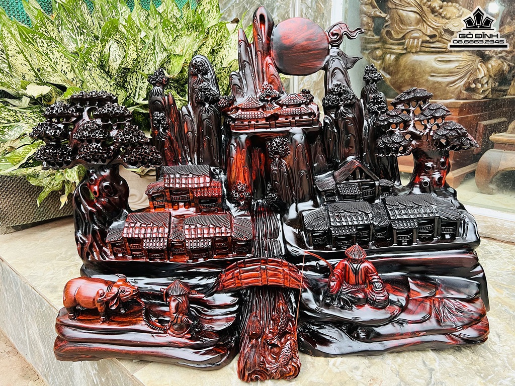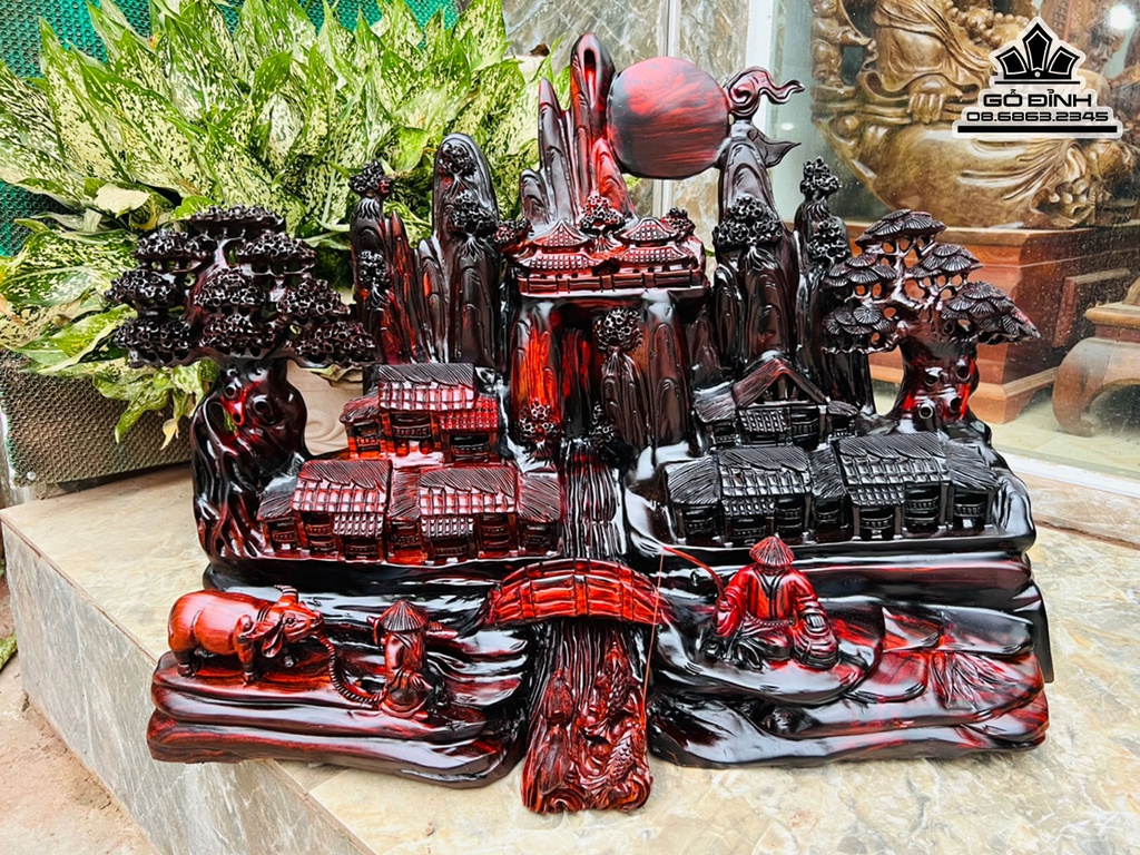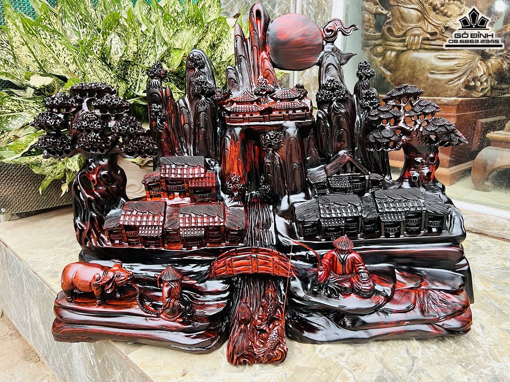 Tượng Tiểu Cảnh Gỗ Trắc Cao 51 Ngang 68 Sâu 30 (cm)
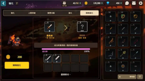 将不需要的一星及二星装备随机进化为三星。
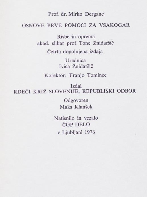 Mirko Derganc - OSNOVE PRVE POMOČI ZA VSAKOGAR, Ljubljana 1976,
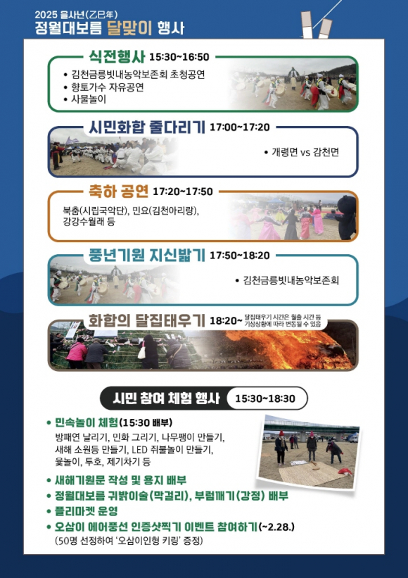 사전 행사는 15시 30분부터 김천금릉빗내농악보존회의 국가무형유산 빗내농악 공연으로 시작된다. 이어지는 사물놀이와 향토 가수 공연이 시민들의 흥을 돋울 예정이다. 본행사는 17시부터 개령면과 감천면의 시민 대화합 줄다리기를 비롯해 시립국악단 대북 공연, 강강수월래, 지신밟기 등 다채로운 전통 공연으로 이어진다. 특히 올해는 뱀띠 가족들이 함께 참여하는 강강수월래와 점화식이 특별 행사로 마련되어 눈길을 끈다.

Your goal:
Leave the pictures out and reproduce exactly the lines from the line with "Mirko Derganc - OSNOVE" to the end of the material above.

Response box:
 Mirko Derganc - OSNOVE PRVE POMOČI ZA VSAKOGAR, Ljubljana 1976,
 사전 행사는 15시 30분부터 김천금릉빗내농악보존회의 국가무형유산 빗내농악 공연으로 시작된다. 이어지는 사물놀이와 향토 가수 공연이 시민들의 흥을 돋울 예정이다. 본행사는 17시부터 개령면과 감천면의 시민 대화합 줄다리기를 비롯해 시립국악단 대북 공연, 강강수월래, 지신밟기 등 다채로운 전통 공연으로 이어진다. 특히 올해는 뱀띠 가족들이 함께 참여하는 강강수월래와 점화식이 특별 행사로 마련되어 눈길을 끈다.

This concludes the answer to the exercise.